JAYAPURA – Ketua PGRI Provinsi Papua, DR Nomensen Mambraku meyakini jika oknum guru yang disebut berujar kalimat tidak pantas kepada muridnya adalah tidak betul. Bertahun-tahun bergelut dengan dunia pendidikan, Nomensen memahami bagaimana cara mengajar para tenaga pendidik di Papua yang tidak mungkin berkata seperti yang dituduhkan hingga melahirkan bentuk protes dan berujung kerusuhan.

“Saya sudah kroscek ke rekan guru-guru yang lain dan saya melihat ada kalimat yang diplintir untuk menciptakan situasi kurang baik dan momentum itu dimanfaatkan betul oleh para pelaku,” kata Nomensen.
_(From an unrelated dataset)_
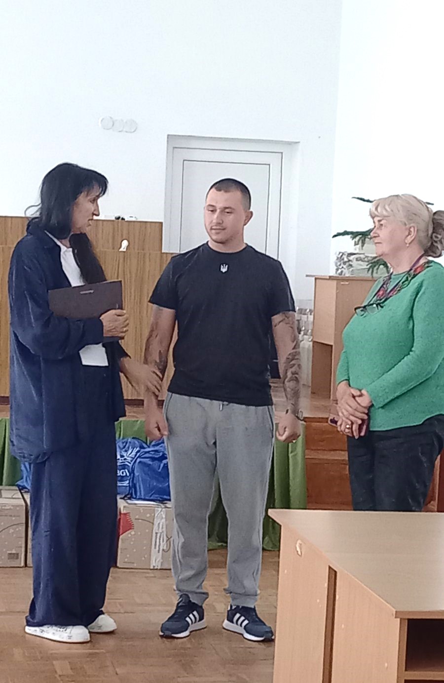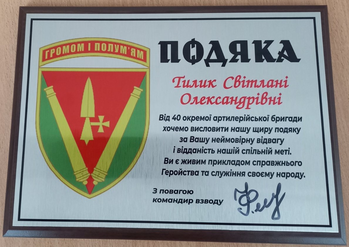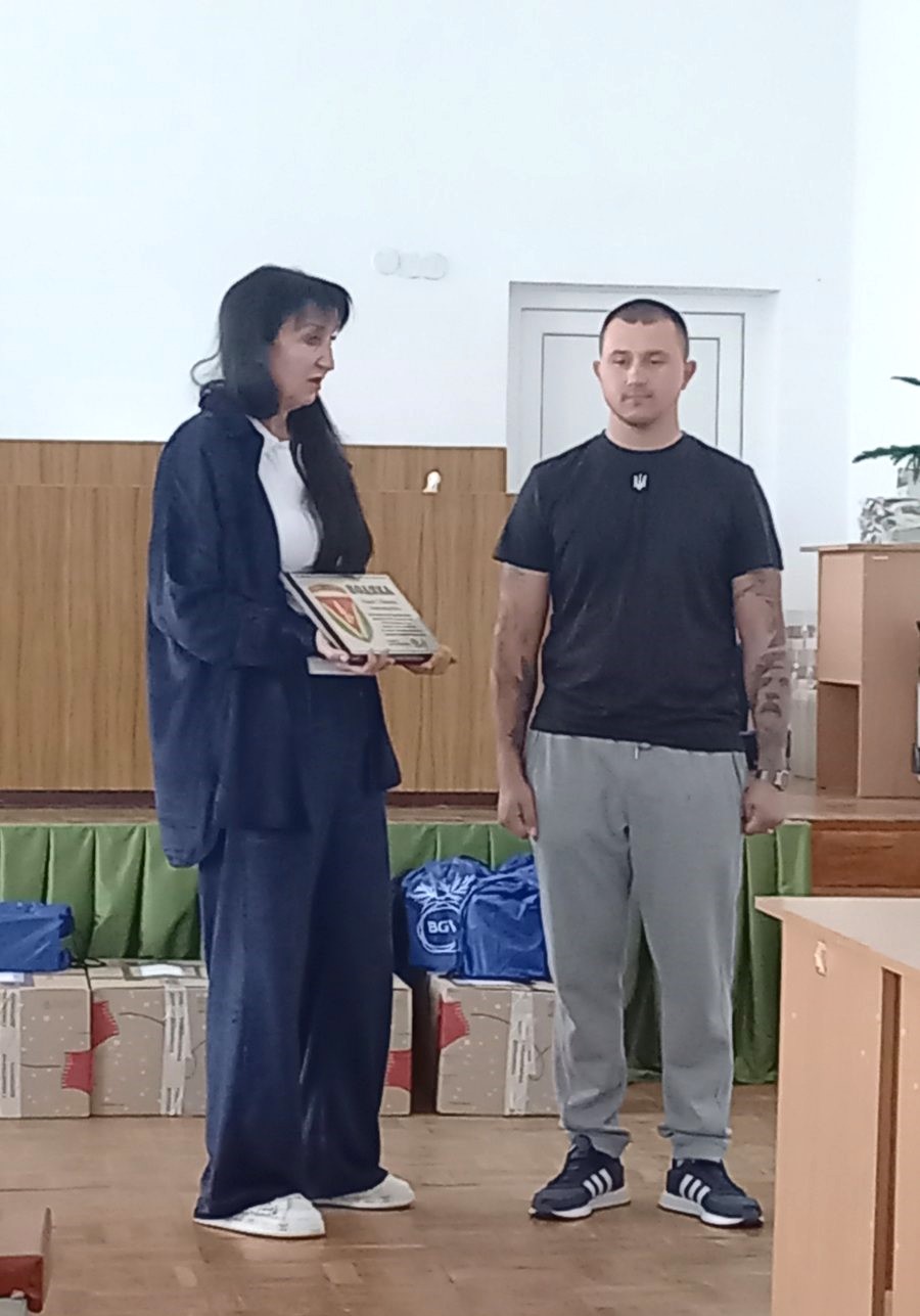 Візит Олександра мав почесну місію: від імені свого підрозділу він вручив подяку Петрівському селищному голові Світлані Олександрівні Тилик за активну підтримку Збройних Сил України, зокрема — за фінансову допомогу в придбанні старлінка.
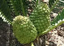 This plant is dioecious, meaning it has separate male and female cones. The male cones are green, 30–50 cm long and 7–10 cm wide, while the female cones are green, 35–45 cm long, 15–20 cm wide, and oval-shaped. The seeds are oblong, measuring 30–35 mm in length and 8–23 mm in width, covered in a brown sarcotesta.[3]

Yang ia dengar kalimat yang disampaikan guru tersebut kurang lebih berbunyi “Kamu harus belajar yang keras agar pintar dan tidak dianggap bodoh” nah kalimat Keras ini justru diplintir menjadi Kera kemudian dibawa keluar dan memprovokasi.

Kata Nomensen ia sangat meyakini tak ada ujaran seperti yang dituduhkan mengingat para guru di Papua memahami bagaimana membangun sebuah peradaban yang baik lewat pendidikan.

“Bukan saya membela tapi saya sangat – sangat yakin tidak ada kalimat itu (kera) dan kalau mereka mau protes kenapa tidak datang dan menanyakan ke sekolah? Mengapa justru memprovokasi keluar hingga terjadi kerusuhan. Saya melihat ada pihak yang coba memanfaatkan ini,” imbuhnya.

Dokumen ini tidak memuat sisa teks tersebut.